=== Extracted entries ===

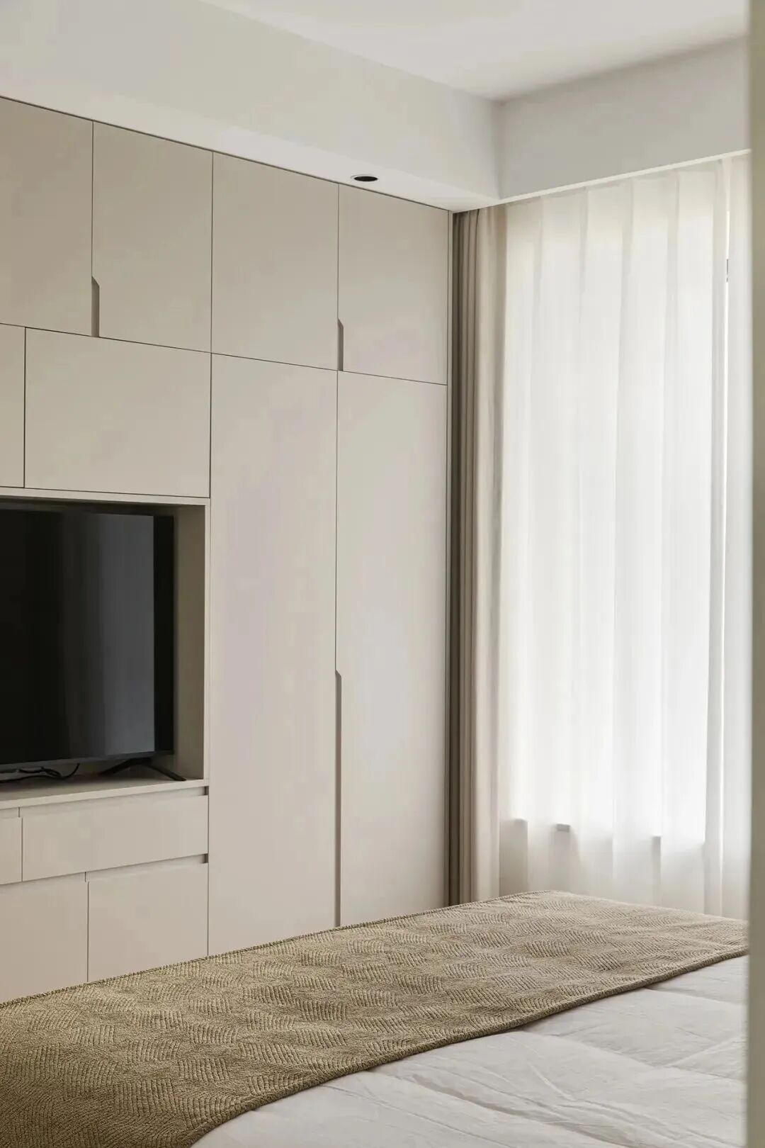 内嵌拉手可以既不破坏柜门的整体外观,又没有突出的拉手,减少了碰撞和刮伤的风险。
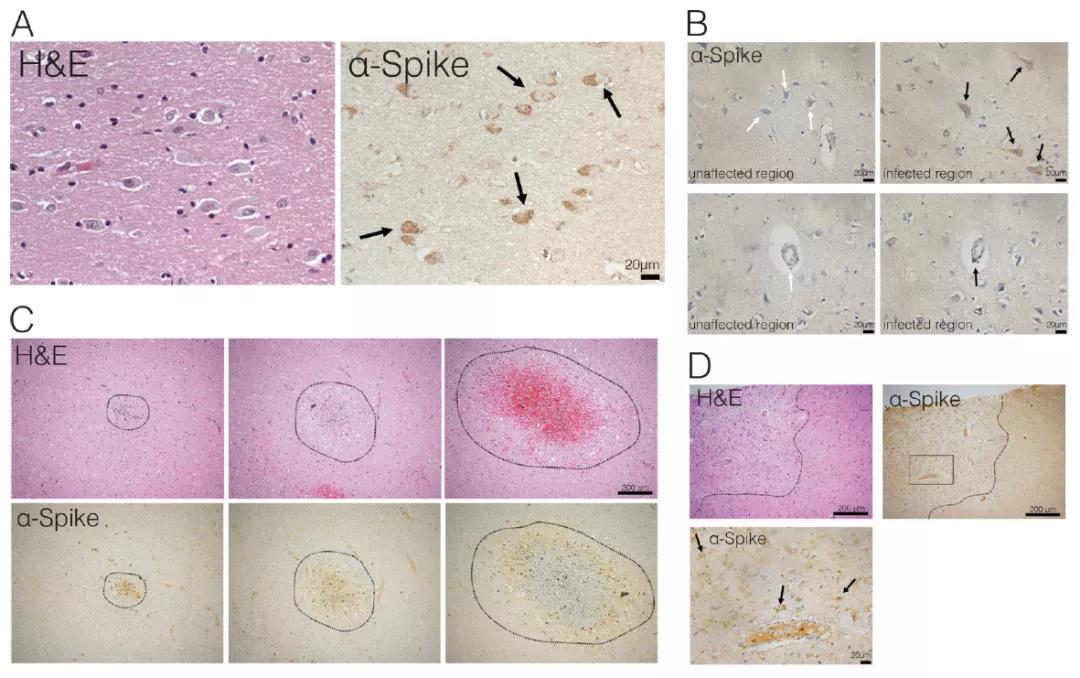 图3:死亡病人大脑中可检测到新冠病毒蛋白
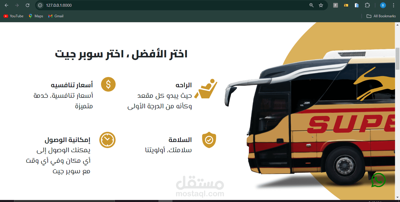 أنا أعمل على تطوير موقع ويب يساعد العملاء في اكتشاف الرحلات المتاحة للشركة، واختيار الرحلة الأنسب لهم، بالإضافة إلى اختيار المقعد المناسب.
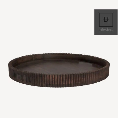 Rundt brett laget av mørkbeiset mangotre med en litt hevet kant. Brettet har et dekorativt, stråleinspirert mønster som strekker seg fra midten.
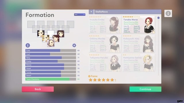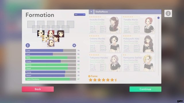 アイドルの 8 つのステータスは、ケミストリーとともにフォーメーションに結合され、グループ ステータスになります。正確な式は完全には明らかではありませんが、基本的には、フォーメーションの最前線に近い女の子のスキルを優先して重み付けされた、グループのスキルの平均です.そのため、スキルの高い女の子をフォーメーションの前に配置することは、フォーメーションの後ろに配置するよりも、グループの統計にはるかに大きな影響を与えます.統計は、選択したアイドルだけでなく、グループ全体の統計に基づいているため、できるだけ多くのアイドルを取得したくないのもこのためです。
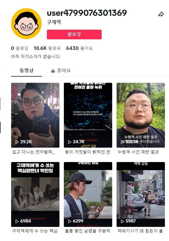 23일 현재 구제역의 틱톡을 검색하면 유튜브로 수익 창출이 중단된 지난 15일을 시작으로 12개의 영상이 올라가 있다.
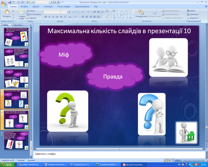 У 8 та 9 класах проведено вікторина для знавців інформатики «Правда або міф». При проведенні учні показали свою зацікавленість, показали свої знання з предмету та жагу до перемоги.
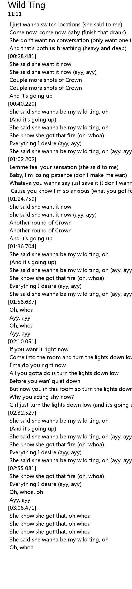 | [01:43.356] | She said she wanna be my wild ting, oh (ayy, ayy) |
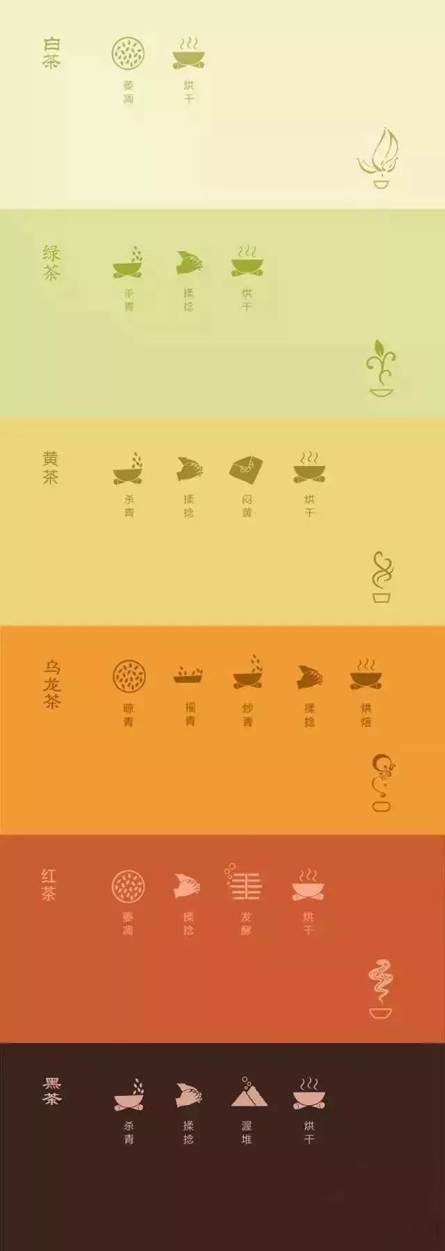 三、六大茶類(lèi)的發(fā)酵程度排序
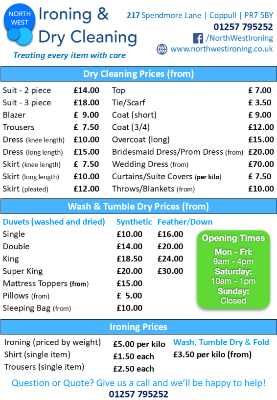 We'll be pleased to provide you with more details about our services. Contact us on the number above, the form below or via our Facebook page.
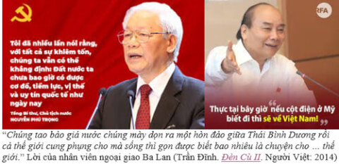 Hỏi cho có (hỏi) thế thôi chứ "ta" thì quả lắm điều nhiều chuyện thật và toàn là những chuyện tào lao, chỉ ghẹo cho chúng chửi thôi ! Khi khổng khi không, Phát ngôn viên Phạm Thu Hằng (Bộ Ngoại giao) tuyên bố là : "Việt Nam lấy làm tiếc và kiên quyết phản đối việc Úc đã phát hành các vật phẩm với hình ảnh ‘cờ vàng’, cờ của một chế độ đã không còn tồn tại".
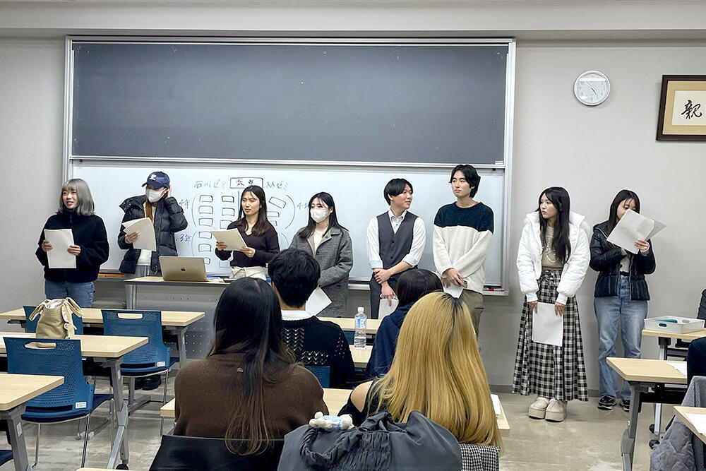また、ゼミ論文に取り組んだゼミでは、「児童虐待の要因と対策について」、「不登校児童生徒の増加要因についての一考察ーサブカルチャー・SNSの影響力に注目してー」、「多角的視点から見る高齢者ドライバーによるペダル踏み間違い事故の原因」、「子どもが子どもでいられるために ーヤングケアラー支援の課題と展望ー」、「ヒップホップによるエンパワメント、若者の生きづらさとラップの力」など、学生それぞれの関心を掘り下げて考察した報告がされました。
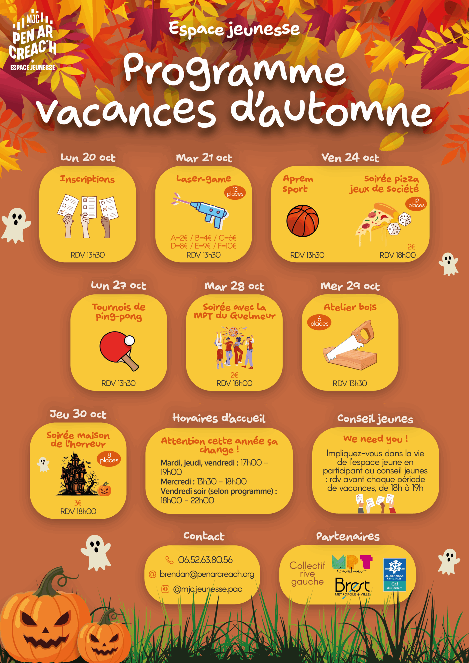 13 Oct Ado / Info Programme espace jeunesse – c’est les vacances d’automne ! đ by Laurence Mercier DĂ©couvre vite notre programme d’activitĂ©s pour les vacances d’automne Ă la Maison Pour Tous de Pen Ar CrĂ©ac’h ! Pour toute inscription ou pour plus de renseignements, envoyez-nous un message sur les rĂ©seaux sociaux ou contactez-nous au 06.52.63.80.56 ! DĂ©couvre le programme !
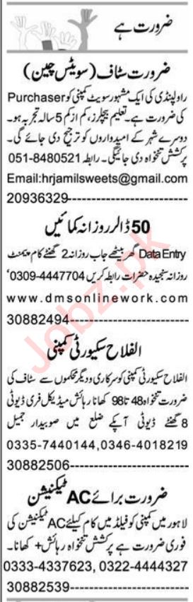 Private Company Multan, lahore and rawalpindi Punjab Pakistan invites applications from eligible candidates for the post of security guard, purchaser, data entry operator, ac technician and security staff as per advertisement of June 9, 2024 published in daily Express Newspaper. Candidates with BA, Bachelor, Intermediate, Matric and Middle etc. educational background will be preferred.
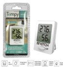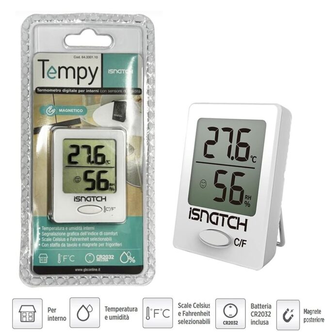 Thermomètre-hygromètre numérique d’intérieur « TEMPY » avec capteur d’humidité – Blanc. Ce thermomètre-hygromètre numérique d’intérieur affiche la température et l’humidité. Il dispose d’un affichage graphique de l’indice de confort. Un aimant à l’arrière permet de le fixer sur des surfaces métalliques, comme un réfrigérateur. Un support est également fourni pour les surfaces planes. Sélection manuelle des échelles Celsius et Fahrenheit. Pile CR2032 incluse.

===

Your goal:
Output the lines of the data exactly, starting at the first and ending with the line that has "У 8 та 9 класах". Pictures are not part of it.

Expected answer:
 内嵌拉手可以既不破坏柜门的整体外观,又没有突出的拉手,减少了碰撞和刮伤的风险。
 图3:死亡病人大脑中可检测到新冠病毒蛋白
 أنا أعمل على تطوير موقع ويب يساعد العملاء في اكتشاف الرحلات المتاحة للشركة، واختيار الرحلة الأنسب لهم، بالإضافة إلى اختيار المقعد المناسب.
 Rundt brett laget av mørkbeiset mangotre med en litt hevet kant. Brettet har et dekorativt, stråleinspirert mønster som strekker seg fra midten.
 アイドルの 8 つのステータスは、ケミストリーとともにフォーメーションに結合され、グループ ステータスになります。正確な式は完全には明らかではありませんが、基本的には、フォーメーションの最前線に近い女の子のスキルを優先して重み付けされた、グループのスキルの平均です.そのため、スキルの高い女の子をフォーメーションの前に配置することは、フォーメーションの後ろに配置するよりも、グループの統計にはるかに大きな影響を与えます.統計は、選択したアイドルだけでなく、グループ全体の統計に基づいているため、できるだけ多くのアイドルを取得したくないのもこのためです。
 23일 현재 구제역의 틱톡을 검색하면 유튜브로 수익 창출이 중단된 지난 15일을 시작으로 12개의 영상이 올라가 있다.
 У 8 та 9 класах проведено вікторина для знавців інформатики «Правда або міф». При проведенні учні показали свою зацікавленість, показали свої знання з предмету та жагу до перемоги.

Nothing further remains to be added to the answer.